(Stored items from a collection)
>>>>

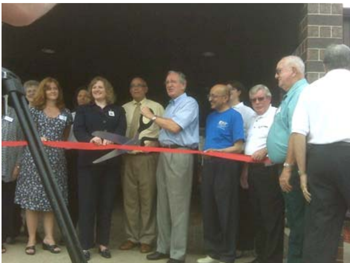
On the left, Senator Tom Harkin cuts the ribbon at Linn Community Health Center, Cedar Rapids, Iowa

For more information check out www.healthcenterweek.org
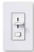
Skylark® C•L Gloss colors (coming soon)
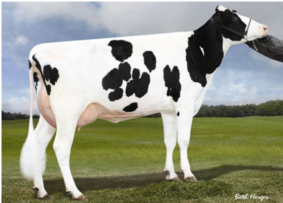
MISS OCD ROBST DELICIOUS FOURTH DAM
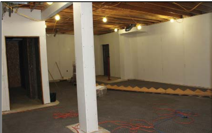
Above is the weight room. Drywall is up and waiting on crew to do the taping and mudding. Below is the exercise room that has been painted and carpet removed.
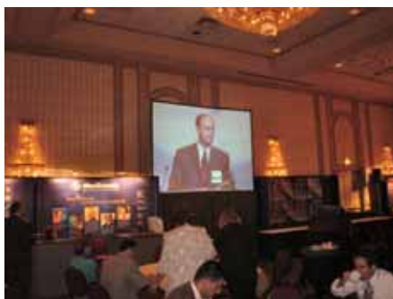
Figure 3. Exhibit area at PICS VIII & ENTICHS II Symposium

lent lectures on catheter intervention and hybrid intervention were given by the distinguished faculty.
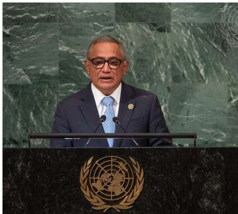
Prime Minister of Belize at UNGA
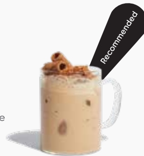
Thai Crispy Latte 130.-

Coffee with coconut milk, the taste of heavenly dessert in a cup.
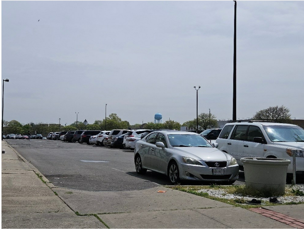
FREE Municipal Parking 1 2 3
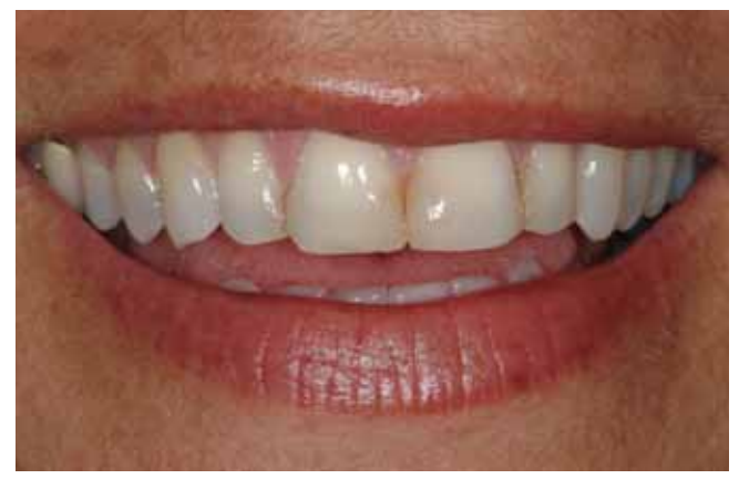
Figure 1. Pre-op smile
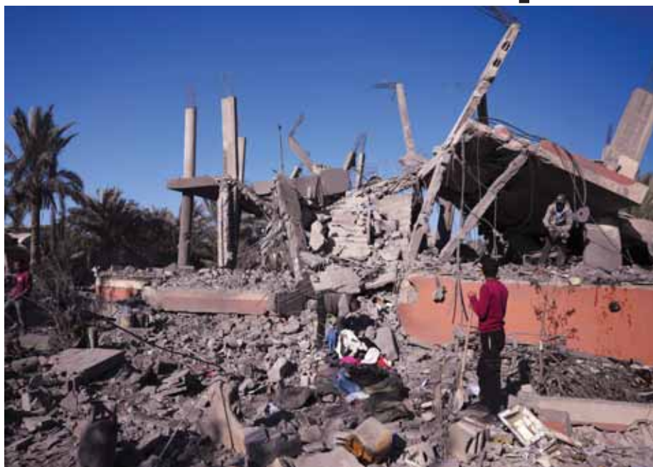
Palestinians check the rubble of a destroyed building following an overnight Israeli strike in Deir al-Balah, Gaza Strip, Wednesday.

Israel's blistering retaliatory offensive has killed at least 44,500 Palestinians, more than half of them women and children, according to Gaza's Health Ministry, which does not say how many of the dead were combatants. Israel says it has killed over 17,000 militants,
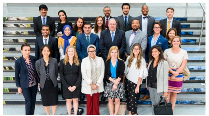
2018 Gabr Fellows visit the World Bank, Washington DC

The mission of the Fellowship is to promote greater mutual understanding by building bridges between the two cultures by instigating dialogue and the exchange of ideas between emerging leaders from the United States and Egypt. Together, they explore one another's cultures, political realities, business trends and their goals for the future.
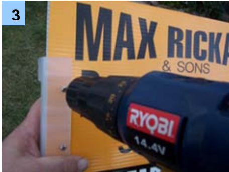
3 Securing signAclips Secure the signAclip in place by inserting 2 x 6 gauge screws into the clip. Do not over tighten screws.
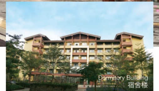
Dormitory Building 宿舍楼
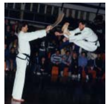
Black belt demo Pakuranga 1988
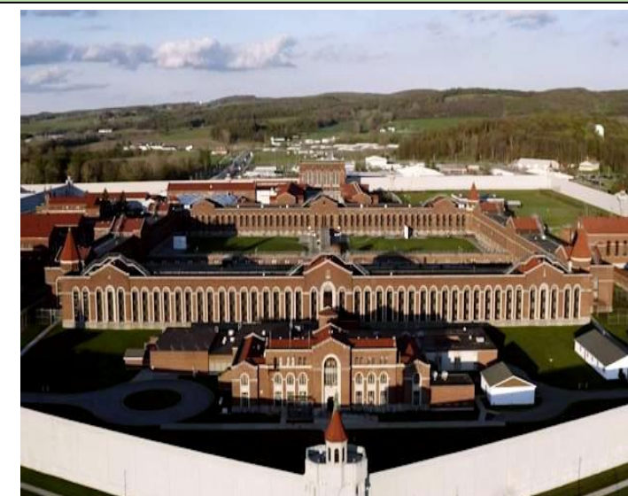
Buffalo Bison's game & ariel view of Attica Correctional Facility.
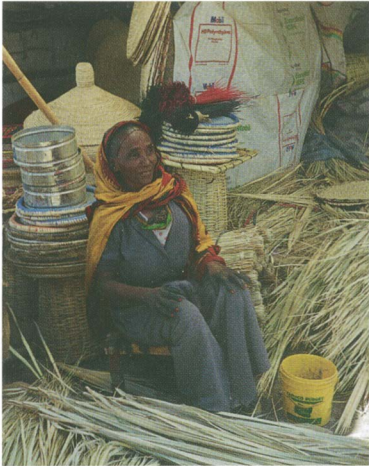
Impressions from Ethiopia: Nine months in Addis Ababa.
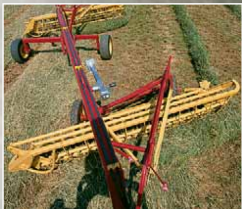
Use the Model 252 to rake two swaths into two separate windrows.
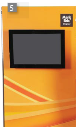
Hook on the LCD
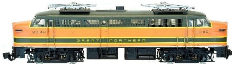
Aristo-Craft 'G' gauge Great Northern #2014A EP-5 Electric Locomotive

Aristo-Craft's primary focus was on making G45 scale/gauge trains easier to use without increasing the technology threshold for the average user. They also believed in mass production of quality products at fair prices. Aristo-Craft introduced radio control and battery operation for its G45 trains. This allowed reduction in reliance on fixed connections through the train tracks to power packs. This greatly facilitated the operation of trains in an outdoor garden setting. Aristo-Craft introduced a trailing stock car equipped with the R/C and antenna system pre-installed so that hobbyists could run any and all of their locomotives without the need for modification or installation of separate R/C units in each power unit. This system was completely plug-and-play, so there was no need for tools or to open up the locomotive to add the R/C capability since all Aristo-Craft locomotives were equipped with battery M.U. plugs. On-board battery power and R/C control meant that there was no need for metal wheels or clean track with better conductivity. Aristo-Craft battery packs
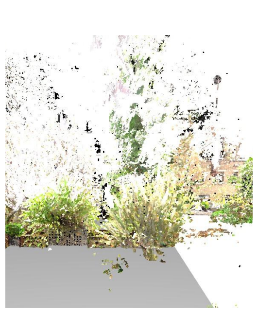
View From 24 Church Row - PC
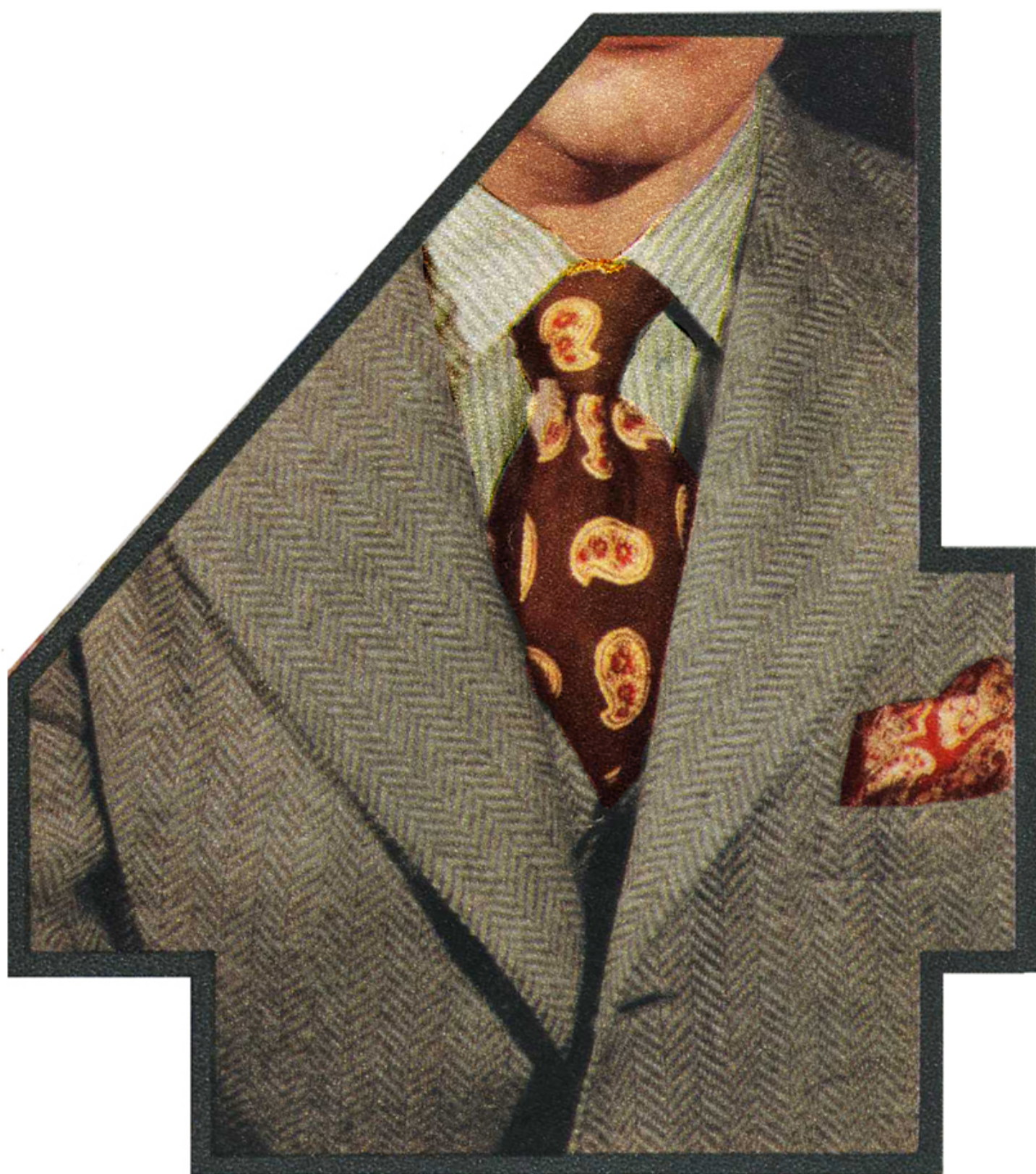
No. 4 sets against the natural-color Shefland herringbone suit a fan-and-white candy-striped oxford shirt, a brown, red and yellow India silk tie, complementary handkerchief
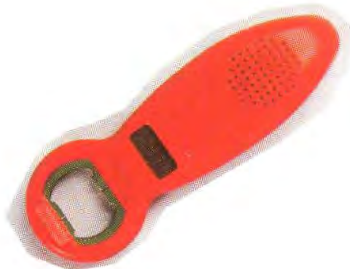
Beer tracker opener Hit Play ₹799
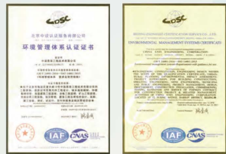
环境管理体系认证证书 Environmental Management Systems Certificate

ENFI, acting in the policy of “abiding by laws and regulations, sticking to commitment, enhancing quality, protecting environment, emphasizing health and safety and pursuing improvement”, has established and will keep on improving a QHSE management system to ensure that the process of providing product and service complies with laws and regulations and meets the needs of clients.
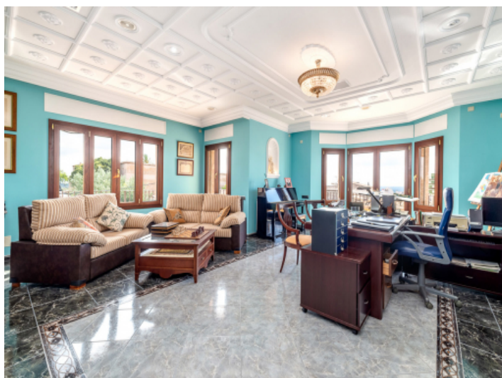
Office and living room
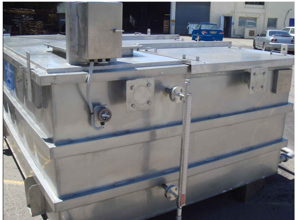
Seraya, Power Station, Singapore SWA Oil Separator 30m 3 /h
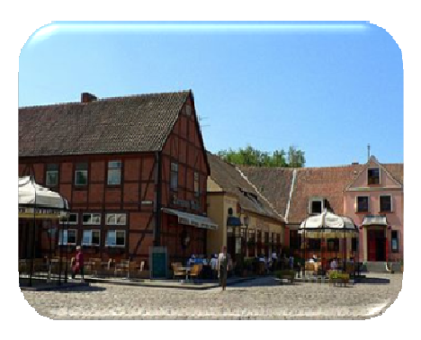
Klaipėda Old Town
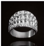
'Gator' Handcrafted Sterling Silver Ring ©
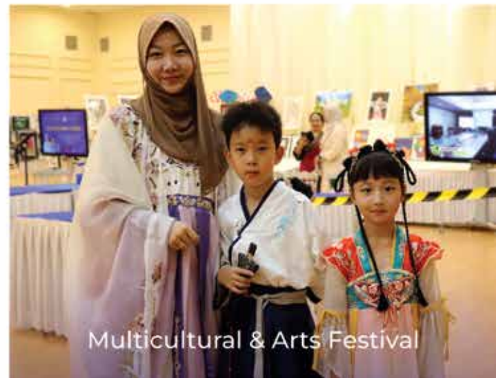
Multicultural & Arts Festival
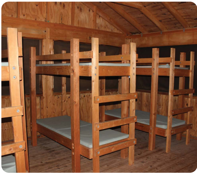
Maple Ridge Cabins
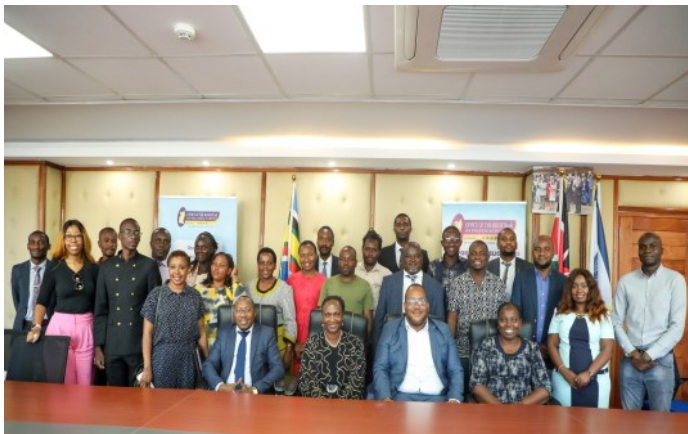
A group photo of ORPP team and Zimbabwe delegate on 14th February, 2024 in the ORPP boardroom headquarters.

Central to the deliberations was areas of collaboration between the two institutions to promote youth inclusion in the political processes. "We are delighted to have ORPP as your destination for learning particularly having to implement impactful youth programmes in political parties", appreciated the head of the delegation.
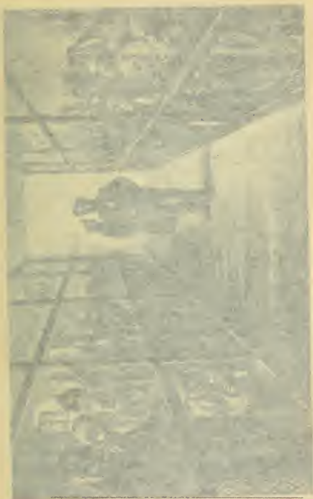
Visiting Day at the Prison Photograph from Prison by A. O. Whitehead
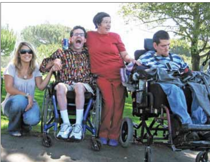
MSCH residents share a beautiful afternoon
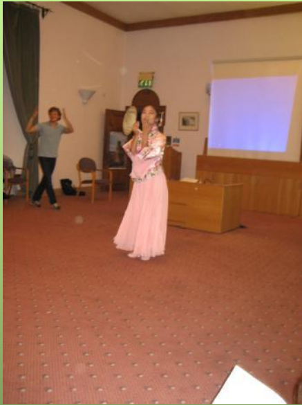
Traditional Chinese dance
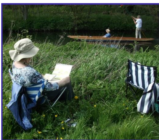
A painting workshop, part of Wildsites events.

With our help Canterbury City Council were successful with an application to the Heritage Lottery Fund for a £770,000 grant for a five year project in Westgate Parks improving infrastructure, planting and community engagement. Through KSCP a Westgate Park Community Development Officer started in November and has amongst other things established an events programme for 2014/15. Our Wildsites on Your Doorstep Project has involved over 400 people on 20 sites across the Stour Valley. Working with the Crab and Winkle Line Trust we produced 50,000 copies of the fifth Crab and Winkle Way leaflet.
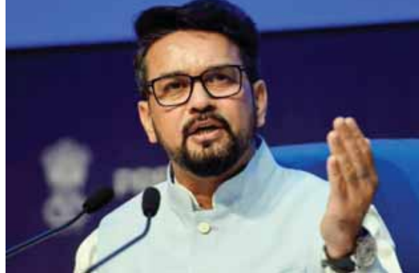
The Congress indulges in politics of appeasement and seeks Pakistan's support to get votes, he alleged.

PTI ■ SHIMLA Congress leaders live in India but speak the language of Pakistan, Union Minister Anurag Thakur said on Friday and alleged that the grand old party seeks Pakistan's support to get votes. "Leaders of opposition parties, especially the Congress, repeatedly make statements supporting Pakistan, crushing Sanatam Dharma and insulting the Hindu community, besides pleading for more resources for people with more wives and children," Thakur told reporters in Sujanpur.
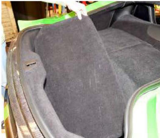
Fig. 2 Trunk Cover
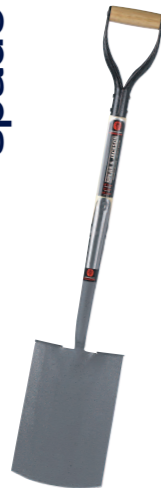
treaded digging spade
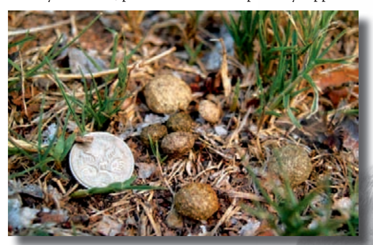
FIGURE 1: Typical small clump of rabbit pellets (faeces) in grassland.
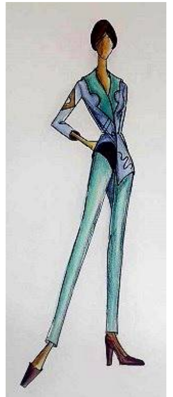
Fig (9) Figs from [9-11] illustrated the inspiration that based on the diverse artistic style in Fig (6) as it focus dramatically on the color element and the element of line as showed in the outer shape of the models (silhoute) and followed by the shape element which appeared in the decorative additions models
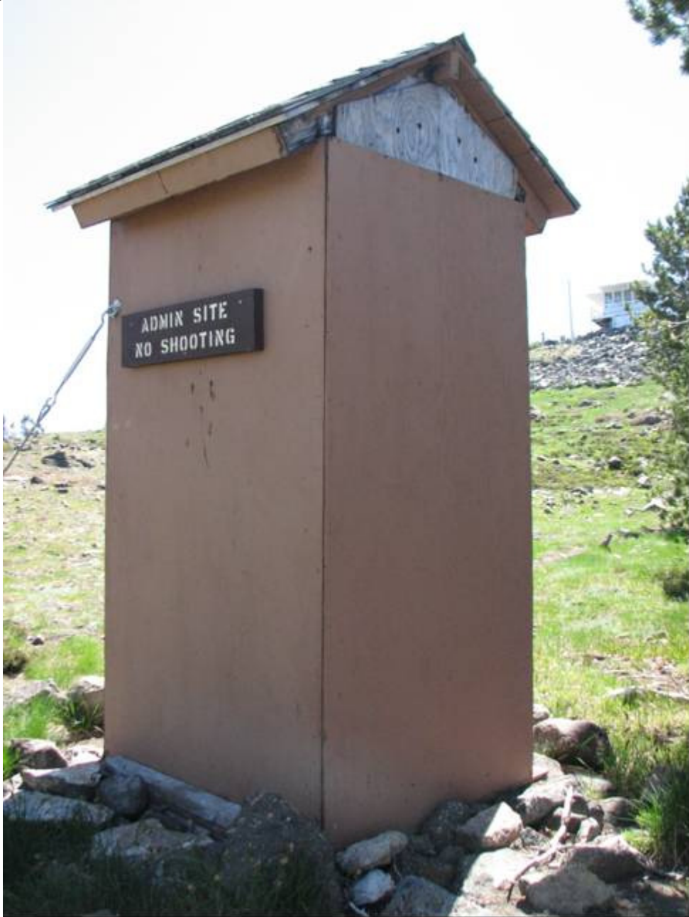
ID_IdahoCounty_Salmon Mountain Lookout_0009. Looking southeast to the north and west (rear) walls of the outhouse.

<<<<

EXERCISE:
Pictures aside, retype all of the entries word for word.

REPLY:
On the left, Senator Tom Harkin cuts the ribbon at Linn Community Health Center, Cedar Rapids, Iowa

For more information check out www.healthcenterweek.org
Skylark® C•L Gloss colors (coming soon)
MISS OCD ROBST DELICIOUS FOURTH DAM
Above is the weight room. Drywall is up and waiting on crew to do the taping and mudding. Below is the exercise room that has been painted and carpet removed.
Figure 3. Exhibit area at PICS VIII & ENTICHS II Symposium

lent lectures on catheter intervention and hybrid intervention were given by the distinguished faculty.
Prime Minister of Belize at UNGA
Thai Crispy Latte 130.-

Coffee with coconut milk, the taste of heavenly dessert in a cup.
FREE Municipal Parking 1 2 3
Figure 1. Pre-op smile
Palestinians check the rubble of a destroyed building following an overnight Israeli strike in Deir al-Balah, Gaza Strip, Wednesday.

Israel's blistering retaliatory offensive has killed at least 44,500 Palestinians, more than half of them women and children, according to Gaza's Health Ministry, which does not say how many of the dead were combatants. Israel says it has killed over 17,000 militants,
2018 Gabr Fellows visit the World Bank, Washington DC

The mission of the Fellowship is to promote greater mutual understanding by building bridges between the two cultures by instigating dialogue and the exchange of ideas between emerging leaders from the United States and Egypt. Together, they explore one another's cultures, political realities, business trends and their goals for the future.
3 Securing signAclips Secure the signAclip in place by inserting 2 x 6 gauge screws into the clip. Do not over tighten screws.
Dormitory Building 宿舍楼
Black belt demo Pakuranga 1988
Buffalo Bison's game & ariel view of Attica Correctional Facility.
Impressions from Ethiopia: Nine months in Addis Ababa.
Use the Model 252 to rake two swaths into two separate windrows.
Hook on the LCD
Aristo-Craft 'G' gauge Great Northern #2014A EP-5 Electric Locomotive

Aristo-Craft's primary focus was on making G45 scale/gauge trains easier to use without increasing the technology threshold for the average user. They also believed in mass production of quality products at fair prices. Aristo-Craft introduced radio control and battery operation for its G45 trains. This allowed reduction in reliance on fixed connections through the train tracks to power packs. This greatly facilitated the operation of trains in an outdoor garden setting. Aristo-Craft introduced a trailing stock car equipped with the R/C and antenna system pre-installed so that hobbyists could run any and all of their locomotives without the need for modification or installation of separate R/C units in each power unit. This system was completely plug-and-play, so there was no need for tools or to open up the locomotive to add the R/C capability since all Aristo-Craft locomotives were equipped with battery M.U. plugs. On-board battery power and R/C control meant that there was no need for metal wheels or clean track with better conductivity. Aristo-Craft battery packs
View From 24 Church Row - PC
No. 4 sets against the natural-color Shefland herringbone suit a fan-and-white candy-striped oxford shirt, a brown, red and yellow India silk tie, complementary handkerchief
Beer tracker opener Hit Play ₹799
环境管理体系认证证书 Environmental Management Systems Certificate

ENFI, acting in the policy of “abiding by laws and regulations, sticking to commitment, enhancing quality, protecting environment, emphasizing health and safety and pursuing improvement”, has established and will keep on improving a QHSE management system to ensure that the process of providing product and service complies with laws and regulations and meets the needs of clients.
Office and living room
Seraya, Power Station, Singapore SWA Oil Separator 30m 3 /h
Klaipėda Old Town
'Gator' Handcrafted Sterling Silver Ring ©
Multicultural & Arts Festival
Maple Ridge Cabins
A group photo of ORPP team and Zimbabwe delegate on 14th February, 2024 in the ORPP boardroom headquarters.

Central to the deliberations was areas of collaboration between the two institutions to promote youth inclusion in the political processes. "We are delighted to have ORPP as your destination for learning particularly having to implement impactful youth programmes in political parties", appreciated the head of the delegation.
Visiting Day at the Prison Photograph from Prison by A. O. Whitehead
MSCH residents share a beautiful afternoon
Traditional Chinese dance
A painting workshop, part of Wildsites events.

With our help Canterbury City Council were successful with an application to the Heritage Lottery Fund for a £770,000 grant for a five year project in Westgate Parks improving infrastructure, planting and community engagement. Through KSCP a Westgate Park Community Development Officer started in November and has amongst other things established an events programme for 2014/15. Our Wildsites on Your Doorstep Project has involved over 400 people on 20 sites across the Stour Valley. Working with the Crab and Winkle Line Trust we produced 50,000 copies of the fifth Crab and Winkle Way leaflet.
The Congress indulges in politics of appeasement and seeks Pakistan's support to get votes, he alleged.

PTI ■ SHIMLA Congress leaders live in India but speak the language of Pakistan, Union Minister Anurag Thakur said on Friday and alleged that the grand old party seeks Pakistan's support to get votes. "Leaders of opposition parties, especially the Congress, repeatedly make statements supporting Pakistan, crushing Sanatam Dharma and insulting the Hindu community, besides pleading for more resources for people with more wives and children," Thakur told reporters in Sujanpur.
Fig. 2 Trunk Cover
treaded digging spade
FIGURE 1: Typical small clump of rabbit pellets (faeces) in grassland.
Fig (9) Figs from [9-11] illustrated the inspiration that based on the diverse artistic style in Fig (6) as it focus dramatically on the color element and the element of line as showed in the outer shape of the models (silhoute) and followed by the shape element which appeared in the decorative additions models
ID_IdahoCounty_Salmon Mountain Lookout_0009. Looking southeast to the north and west (rear) walls of the outhouse.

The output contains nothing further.